By the end of the week however, “keeping it in its place” had become impossible. Wserkaf had grown so besotted with Naibe that his wife worried he was almost certainly under a cruel and binding spell. Khentie didn’t wish to exercise her right as queen of the house over the young sojourner, but felt she needed to at least warn her husband of what might happen if he continued to be unable to speak about it to her. On the seventh day of Naibe’s stay with them, the princess confronted Wserkaf as he was leaving his private chart room.
“Beloved. This is not…” She spoke slowly and deliberately, but stopped when she heard him sigh, exasperated.
Silently, he turned to her, embraced her, sensed her disquiet as much as she sensed his confusion, threw up his hands and walked away. He had lost all will and power to make a rational decision or to even discuss an irrational one with his wife of eighteen years.

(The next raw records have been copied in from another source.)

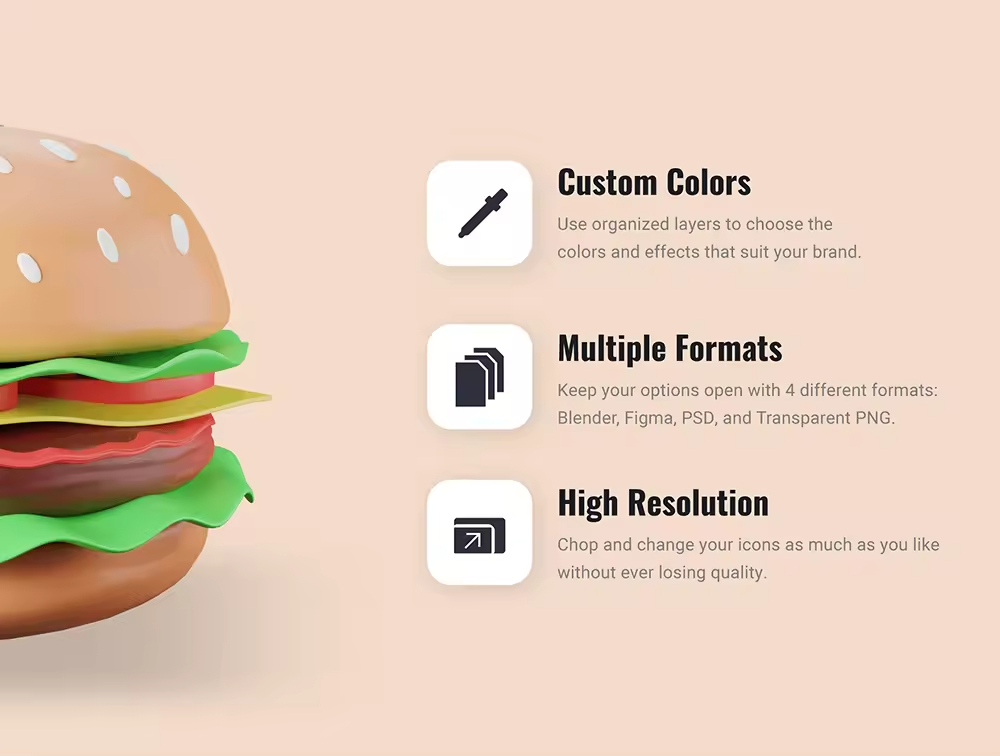 吃货们有福了!无论您是在构建一个很棒的美食应用程序,还是想宣传您的餐厅,独特的图标都会将您的设计提升到一个全新的水平。介绍 3D 食物图标集。除了看起来美味之外,这些 3D 食物图标还可以完全自定义。您可以修改和调整它们,直到它们适合您的项目。
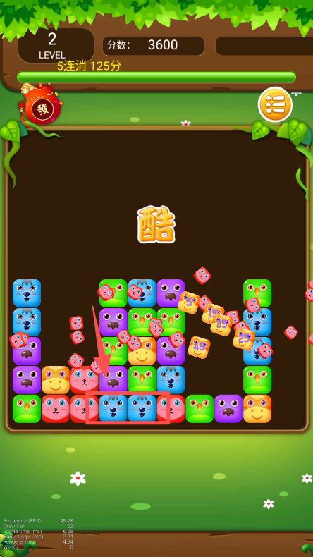 4、完成多连消除后会出现 “酷” 的提示,同时获得高额分数,继续寻找消除机会。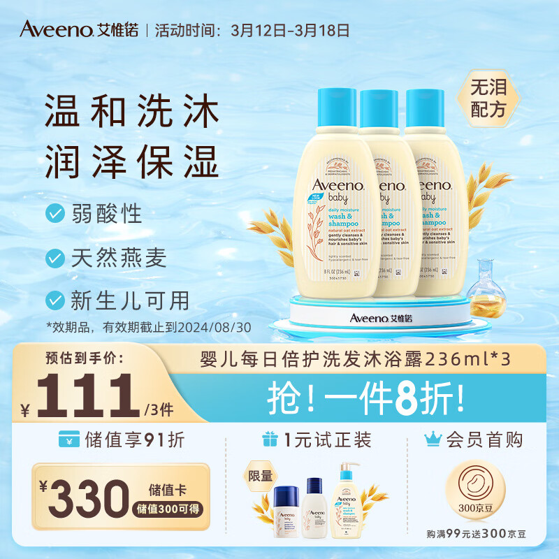 艾惟诺(Aveeno)儿童沐浴露洗发水二合一婴儿洗发水宝宝沐浴乳燕麦236ml*3价格:139.00元!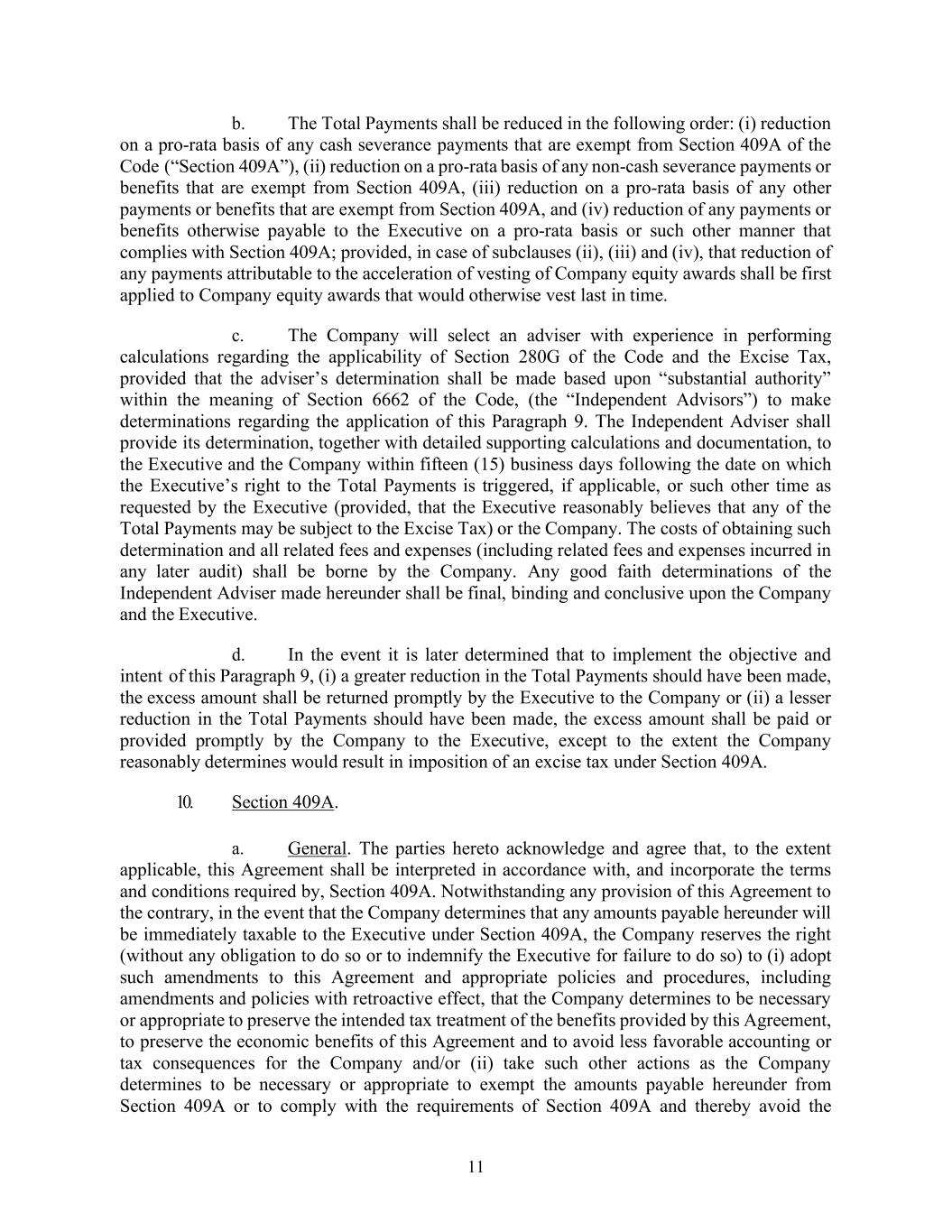 11 b. The Total Payments shall be reduced in the following order: (i) reduction on a pro-rata basis of any cash severance payments that are exempt from Section 409A of the Code (“Section 409A”), (ii) reduction on a pro-rata basis of any non-cash severance payments or benefits that are exempt from Section 409A, (iii) reduction on a pro-rata basis of any other payments or benefits that are exempt from Section 409A, and (iv) reduction of any payments or benefits otherwise payable to the Executive on a pro-rata basis or such other manner that complies with Section 409A; provided, in case of subclauses (ii), (iii) and (iv), that reduction of any payments attributable to the acceleration of vesting of Company equity awards shall be first applied to Company equity awards that would otherwise vest last in time. c. The Company will select an adviser with experience in performing calculations regarding the applicability of Section 280G of the Code and the Excise Tax, provided that the adviser’s determination shall be made based upon “substantial authority” within the meaning of Section 6662 of the Code, (the “Independent Advisors”) to make determinations regarding the application of this Paragraph 9. The Independent Adviser shall provide its determination, together with detailed supporting calculations and documentation, to the Executive and the Company within fifteen (15) business days following the date on which the Executive’s right to the Total Payments is triggered, if applicable, or such other time as requested by the Executive (provided, that the Executive reasonably believes that any of the Total Payments may be subject to the Excise Tax) or the Company. The costs of obtaining such determination and all related fees and expenses (including related fees and expenses incurred in any later audit) shall be borne by the Company. Any good faith determinations of the Independent Adviser made hereunder shall be final, binding and conclusive upon the Company and the Executive. d. In the event it is later determined that to implement the objective and intent of this Paragraph 9, (i) a greater reduction in the Total Payments should have been made, the excess amount shall be returned promptly by the Executive to the Company or (ii) a lesser reduction in the Total Payments should have been made, the excess amount shall be paid or provided promptly by the Company to the Executive, except to the extent the Company reasonably determines would result in imposition of an excise tax under Section 409A. 10. Section 409A. a. General. The parties hereto acknowledge and agree that, to the extent applicable, this Agreement shall be interpreted in accordance with, and incorporate the terms and conditions required by, Section 409A. Notwithstanding any provision of this Agreement to the contrary, in the event that the Company determines that any amounts payable hereunder will be immediately taxable to the Executive under Section 409A, the Company reserves the right (without any obligation to do so or to indemnify the Executive for failure to do so) to (i) adopt such amendments to this Agreement and appropriate policies and procedures, including amendments and policies with retroactive effect, that the Company determines to be necessary or appropriate to preserve the intended tax treatment of the benefits provided by this Agreement, to preserve the economic benefits of this Agreement and to avoid less favorable accounting or tax consequences for the Company and/or (ii) take such other actions as the Company determines to be necessary or appropriate to exempt the amounts payable hereunder from Section 409A or to comply with the requirements of Section 409A and thereby avoid the
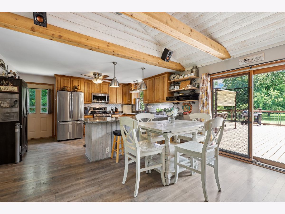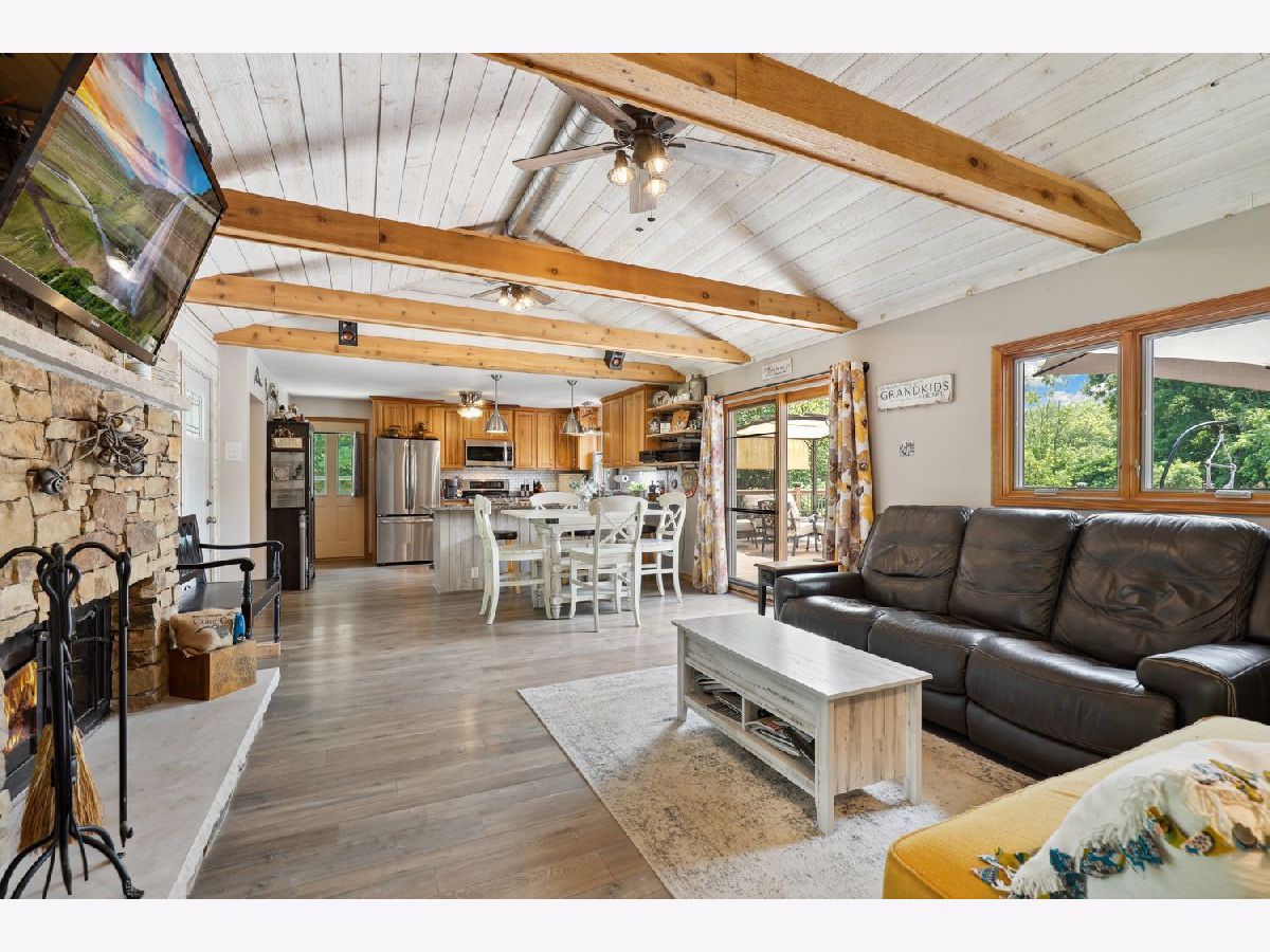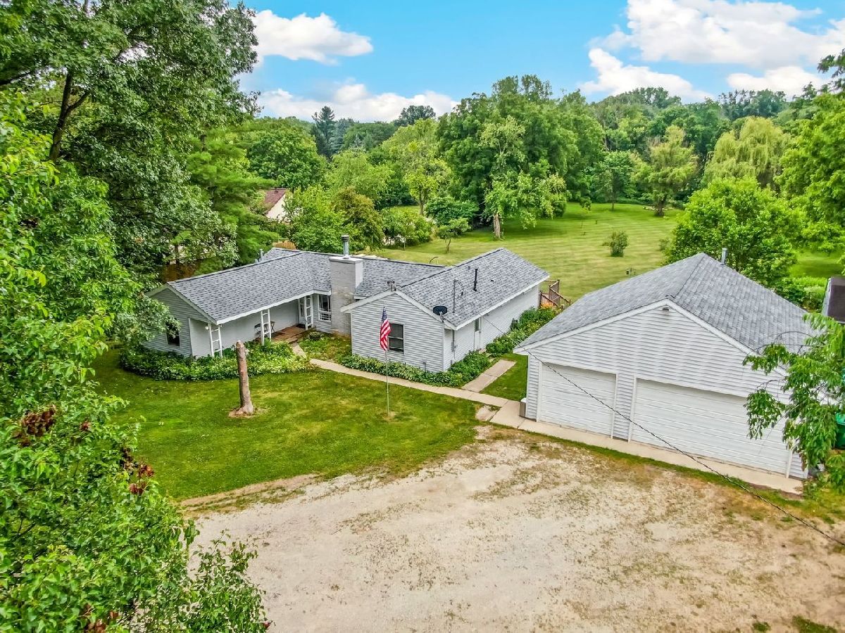 Welcome to this stunning Ranch home situated on 1.67 acres in unincorporated Lemont. This property boasts 3 bedrooms, 2 full bathrooms, and a 4-car garage, all backing up to Long Run Creek. The open floor plan features a vaulted living room with wood beams and a cozy fireplace surrounded by stone. The kitchen, updated in 2016, includes all new stainless steel appliances (2022), granite countertops, 42" cabinets, a backsplash, and a spacious eating area overlooking the backyard. The master bedroom features an updated private bathroom and a large walk-in closet. The other bathrooms have also been updated, and the home includes new barn doors and a large mudroom with a washer and dryer. A new 47x28 deck, perfect for entertaining guests, was added in 2022. This home is built on a 4-foot crawl space with no basement. Additional updates include a new well in 2024, a new roof in 2021, two tankless water heaters in 2021, new windows in 2021, a whole-house filtration system, and an invisible fence covering the entire lot. The home has 200 AMP service and the garage has a separate 50 AMP service.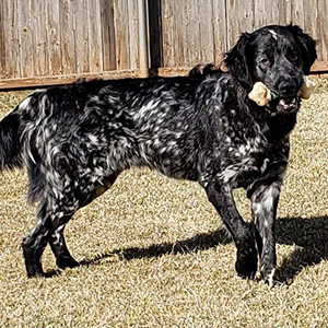 Like the youngster that he is, Johnny puts everything in his mouth–from the dog bed, to shoes, to toys. Johnny is a German Wirehaired Pointer. He is pure doggy joy.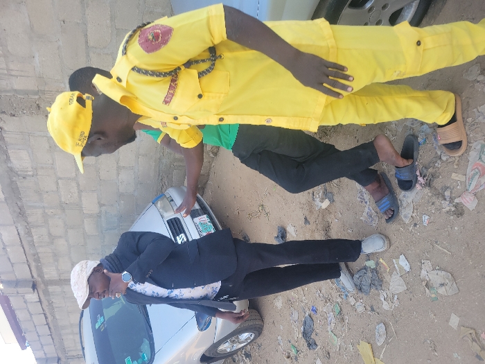 This image, taken in the city of Bauchi, Nigeria, depicts three adult males engaged in an interaction on an unpaved, debris-strewn dirt path. A silver four-door sedan, identified by its visible front end and license plate "BAU 220 YJ" with a green sticker on the windshield, is parked on the left, serving as a background element. A concrete block wall forms the backdrop, with a thin red line visible near its top edge. On the left, a man wears a light-colored flat cap, a dark blazer over a light patterned shirt, dark trousers, and light slip-on shoes. He has a watch on his left wrist and holds his right hand near his chin, appearing to be speaking or contemplating, while looking towards the right. To the right, a man in a bright yellow short-sleeved uniform, comprising a shirt with epaulets (a red circular patch on the left one) and a black rectangular patch on the chest pocket, and matching yellow cargo-style trousers. He wears a yellow baseball cap with visible text "BEHIND DIVER" and "COSMAN". He wears light brown slip-on sandals. His left arm is extended forward, palm facing the man in the blazer, in a gesture of emphasis or pushing back, as he looks towards the man on the left. A black shoulder cord hangs from his left shoulder. Between these two men, a third individual is partially obscured, wearing a green t-shirt, dark trousers, and blue and black slip-on sandals, with one foot partially out of a sandal. The ground beneath the individuals is visibly littered with plastic bags, paper, and various other forms of trash. The scene is illuminated by bright daylight.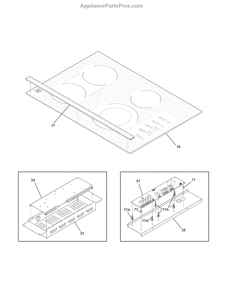Official repair parts list manual for your cooktop. Reference guide showing all available service parts, diagrams, and part numbers for ordering replacements.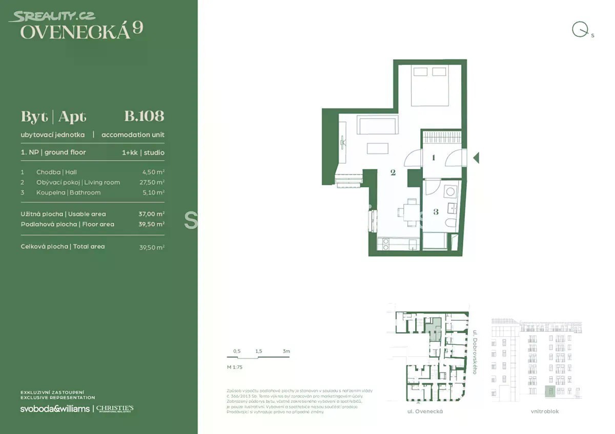 Ubytovací jednotka s orientací do vnitrobloku je součástí nového rezidenčního projektu Ovenecká 9. Ten vzniká kompletní rekonstrukcí nárožního domu z roku 1900 na prestižní adrese na Letné, ve čtvrti se spoustou kaváren a bister, blízko Letenských sadů i tramvajových spojů do centra a ke stanicím metra. Dokončení je plánováno na 1. pololetí roku 2027. Půdorys jednotky v 1. podlaží tvoří obytná místnost s přípravou na kuchyni, koupelna (s WC a sprchovým koutem) a vstupní chodba. Vysoký standard zahrnuje dřevěné parketové kartáčované podlahy dub rustik, bezpečnostní masivní lakované kazetové vchodové dveře s bezpečnostním kováním, dřevěné repliky špaletových oken, designovou koupelnu. K bytu je nutné přikoupit sklepní kóji. Dům bude mít moderní výtah, reprezentativní společné prostory s mramorovým obkladem, repasovaným kamenným schodištěm a zdobným zábradlím. Dům stojí v klidné ulici blízko Národního technického muzea i Národního zemědělského muzea, cesta do Národní galerie, artového kina Bio Oko, k Metronomu či na Výstaviště zabere pěšky jen pár minut. Okolí je plné restaurací, kaváren, bister a barů, v docházkové vzdálenosti jsou i supermarkety a nákupní centrum, oblast zpříjemňují upravené Letenské sady a Stromovka. Skvělé dopravní spojení zajišťují tramvaje ze zastávky vzdálené 2 minuty pěšky, ke stanicím metra lze dojet během 5 minut, v docházkové vzdálenosti bude i plánovaná zastávka rychlodráhy na letiště. Podlahová plocha 39,5 m2.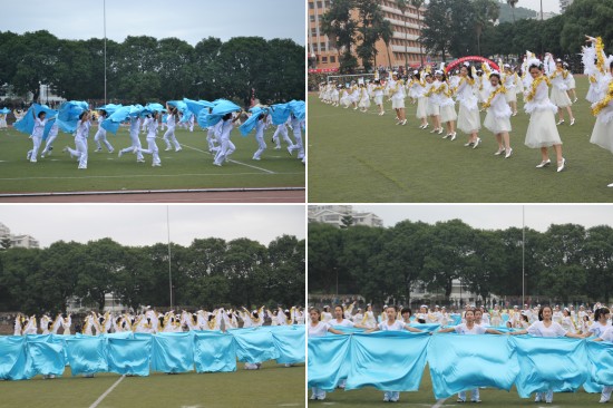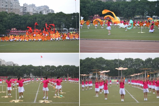 在演出中,艺术系的《鼓动长安》以巨大的阵势率先亮相,数十名鼓手挥舞裹着红绸的鼓槌,上下翻飞,一同敲击十余面大鼓,发出阵阵节奏欢快、铿锵有力的响亮鼓声,其间加入的肖豆豆老师的女高音独唱,气韵行云流水,声音高亢入云。鼓声与歌声互相应和,相得益彰,一同显示出一种威武雄壮与自信豪迈的民族气概。人文系带来的舞蹈《放飞梦想》,则在美妙乐声中陡然绽放出一朵朵明丽的葵花,画面色彩十分艳丽。伴着动感的乐曲,演员们迈开欢乐的舞步,舒展婀娜的身姿,寄予了梦想高飞、青春灿烂的意愿与情怀。学院啦啦操队星光璀璨,带着在福建省第十四届大学生运动会上喜获佳绩的声誉,献演了《活力啦啦操》。这个节目韵律鲜明,动感强劲,魅力四射,抒发了一代学子澎湃激情,迸发出蓬勃青春活力。学前系2011级新同学刚完成了强健体魄、磨练意志的入学军训,他们此次表演的是军体拳。同学们的拳术虎虎生威、气势逼人,再现了曾经的火热军旅生活,展示了健康成长的青春风采。艺术系管乐队是我院艺苑百花丛中的一枝奇葩,他们的行进管乐队表演《走向复兴》,以多变的队形、丰富的组合和响亮的乐声震撼全场,显示出我院师生与全国各族人民一起团结奋斗,努力实现中华民族伟大复兴的愿望和决心。外语系出场的演员们在其舞蹈节目《飞得更高》里,以一波推着一波、一浪接着一浪的湛蓝海浪,以及勇敢逐浪、尽情翱翔的海鸥意象,表现出学子们为自己、为学院事业腾飞而鼓荡的激情。在学前系的《欢乐和谐》里,飘扬的扇绸在风车造型中来回穿梭,以动感的节拍和跳跃的旋律,呈现出飞扬的激情,表现出同学们携手今天、展望明天,带着美好的梦想奔向灿烂辉煌的巨大欢乐。

By day, when he was at home, he asked Naibe to sit with him in his chart room while he worked on his calculations and geometric theories. She sang to him and whispered gently of her devotion to him. The princess had never done that. His entire household noticed them and began to whisper about the way Khentie had been away more, attending to her own matters of state. They remarked, often with snickers, that Wserkaf was certainly at home more often by day. From time to time, he forgot his duties and cut short any appointments or visitations, so he could return home to touch and kiss Naibe.
Marai sighed, disheartened but fully aware of all that had happened in this house. He roused himself slightly to contemplate all he had seen. Wserkaf hadn’t checked on him until yesterday. He had journeyed in spirit, in the presence of his elder Hordjedtef, into the chamber to sense if life signs existed on the third day. This was before he came to collect the women and the box of stones. The inspector had quickly described the corpse as being cold and hard like one dead for perhaps a day. He stated that the will of their gods had proven itself and that they had smote his healthy heart with a terror he could not overcome. From time to time Marai sensed the inspector doubted his findings, but knew Wserkaf needed to believe he was dead. He’d lost his soul over young Naibe-Ellit.